Five Qs: Doug Armstrong of North Star Reach


Doug Armstrong is founder and CEO of North Star Reach, a camp affiliated with the SeriousFun Children’s Network founded by the late Paul Newman, that serves children who are recipients of organ transplants and/or have other medical challenges such leukemia and sickle cell anemia. Armstrong spoke with DBusiness Daily News about the progress on updating the camp near Pinckney, expected to open in fall 2015.

1. DDN: What inspired the creation of North Star Reach?

DA: This project grew from my experience taking organ transplant kids to camp and renting camp space at a YMCA facility. (Camp Michitanki) was founded through the University of Michigan Transplant Center in 1998 and quickly expanded to include children from any transplant program in the area.

We were able to offer a camp program for these kids by procuring the proper medical equipment and staffing and setting up a makeshift health center to manage their complex medical needs. However, there were limitations because the health centers were not designed and equipped to facilitate that care. The buildings are often not universally accessible for children with mobility issues and neither are the activities at camp. So we’re carrying wheelchairs up and down stairs and fighting with sand and other challenges to move people around the site. It was clear that the best way to combat many of these challenges was to create a facility and design it from the ground up to best accommodate everything we needed to offer a camp experience to these children in need.

2. DDN: How did the camp come about?

DA: In 2005, I learned that the University of Michigan had an old abandoned camp property near Pinckney that they were going to sell to a developer who was going to put condominiums around this beautiful lakefront peninsula.  So I got together letters of support from other medical camp programs that the University of Michigan had a connection with. All of these programs were committed to offering a camp experience for the kids and patients that they served, but none of them had what they considered an ideal situation. So we all got together and thought about how we would want the buildings and activities to be designed, and we designed a medical center that was able to do dialysis one week, chemotherapy the next, and infusions the next.

We put together a proposal and had a lot of meetings within the university, and in late 2006, early 2007, the university decided to abandon the sale of the real estate and protect the property for redevelopment. The U-M Health System made a big investment in purchasing the property from the main campus and then they charged me with creating a nonprofit organization, getting together a board, designing a facility, (undertaking) fundraising to support the facility, and partnering with other medical systems around the region to create North Star Reach.

3. DDN: How is the $26 million capital campaign going?

DA: We’ve raised a little more than $20 million. We’re moving forward with construction in early June. The first phase will be the utilities, site improvements, and infrastructure. And then by the end of August, early September, we expect the actual building construction to begin. We will be open in late fall of 2015.

4. DDN: How your first major fundraising event going? It sounds like fun.

DA: That was our goal. There are so many black-tie dinners and galas that we really wanted this to have a connection to the camp. So it’s going to be a night of adult camp and will be hosted by celebrity camp counselors — we’ve got some athletes and other well-known celebrities who are coming to support the camp. (The June 7th event) sold out three months ago.
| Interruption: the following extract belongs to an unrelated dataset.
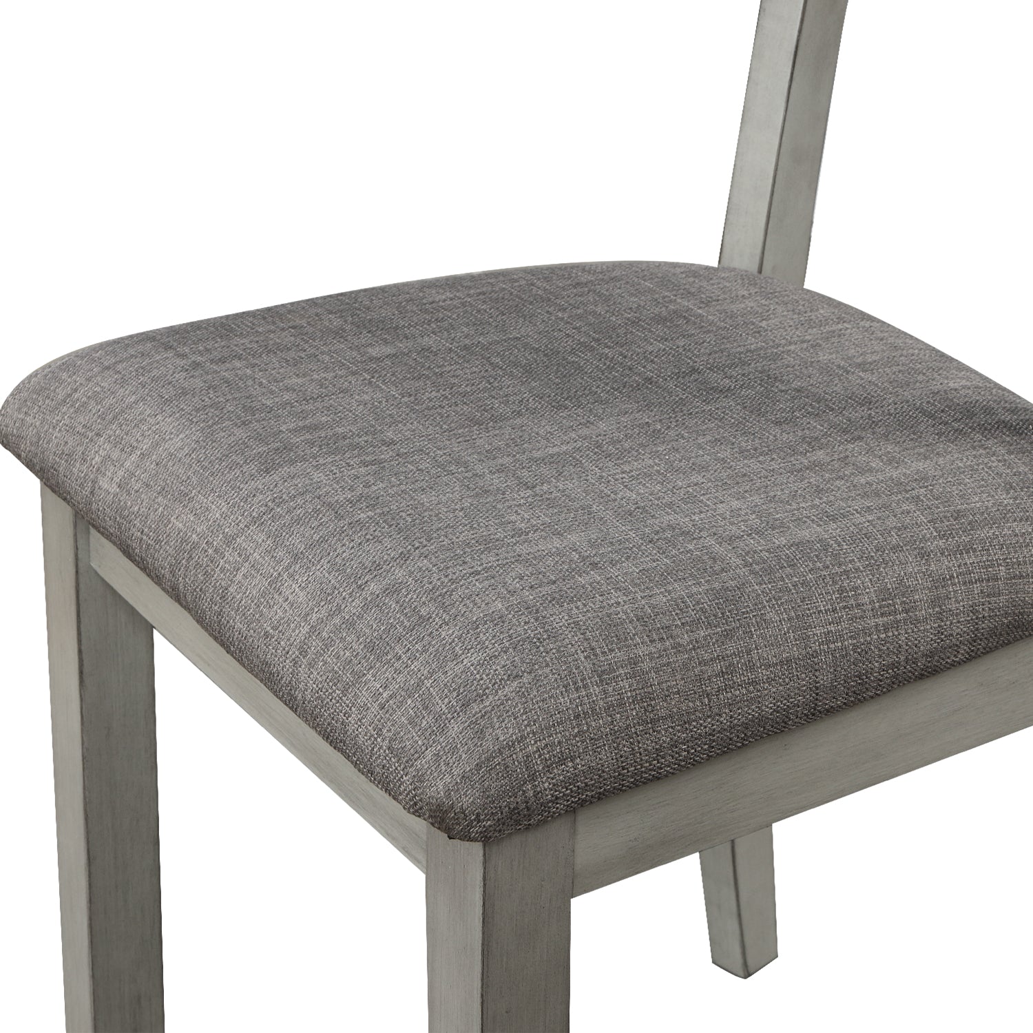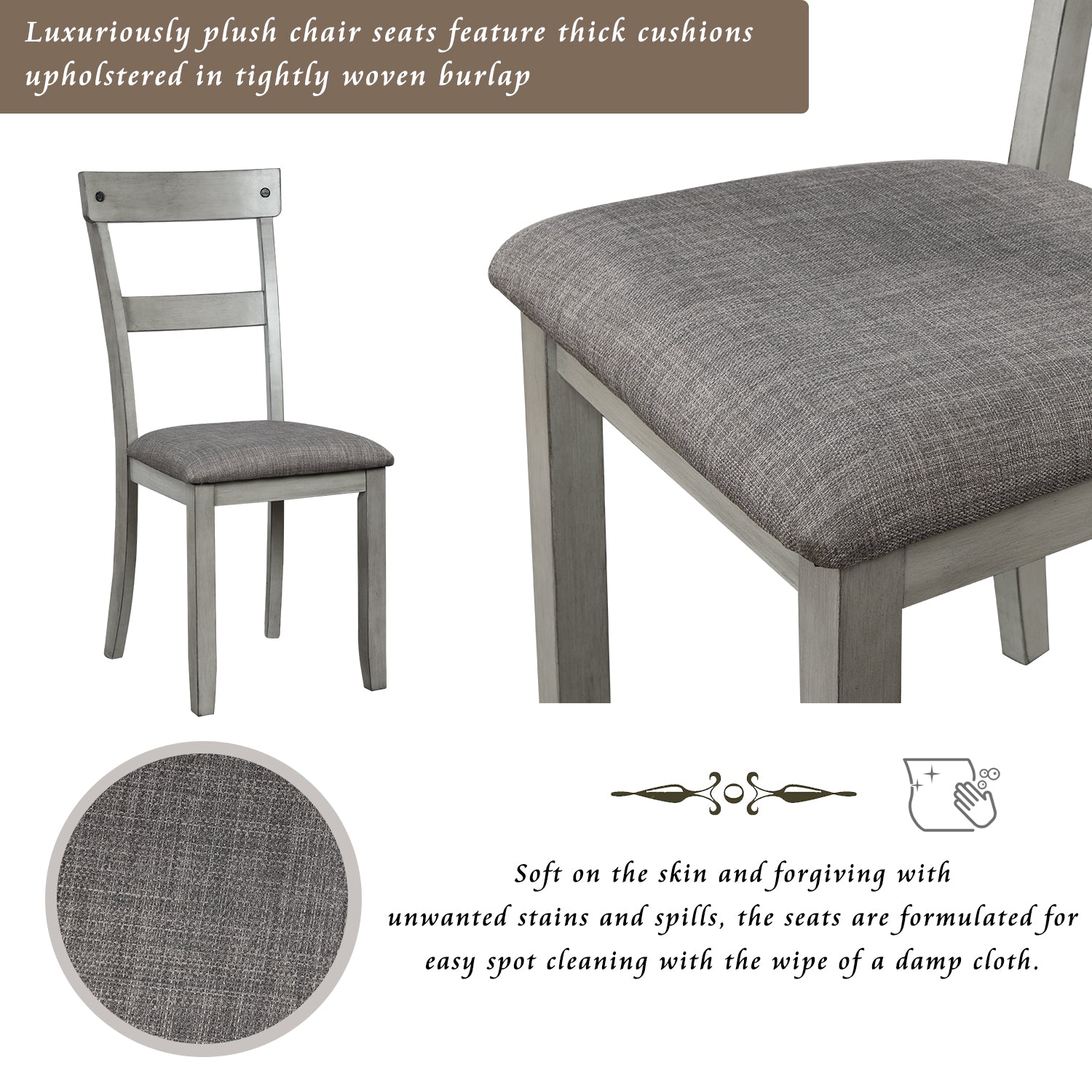 Luxuriously plush chair seats feature thick cushions upholstered in tightly woven burlap in a muted grey for a contemporary monochromatic look. Soft on the skin and forgiving with unwanted stains and spills, the seats are formulated for easy spot cleaning with the wipe of a damp cloth

Once the camp is built, we’ll host an event like this from the (Pinckney location).  For now, we’ve partnered with Zingerman’s (in Ann Arbor) and we’ll be hosting the event at Cornman Farms, which is their new banquet space in Dexter.

5. DDN: How do you hope to see the program grow?

DA: One of things that really attracted me to having our own facility was the ability to have access for more than just one week a year. We offer these kids an experience for one week a year (where they have) the opportunity to sort of normalize their experience. In their daily lives, they’re often much different than the people they spend their time with. They’re the only one who has had a big surgery or has to take medication every day or has some limitation based on their medical condition. And then they come to camp, they find there’s 120 kids just like them, and that’s a really powerful experience. But if we only have them for a week each summer, then they spend 51 weeks waiting for that one week to reoccur.

By having our facility, we (also) have the opportunity to use the fall, the winter, and the spring for additional gatherings. Those could be camp reunions, where the campers just come back together for a weekend, or it could be family camp, where their whole families come together. There’s respite care. There are peer support groups. There are unlimited possibilities to how we can use this facility to support children and their families who have been touched by medical challenges. I see this facility being a sort of central location where medical professionals and children who have been affected by disease and their families all can come together.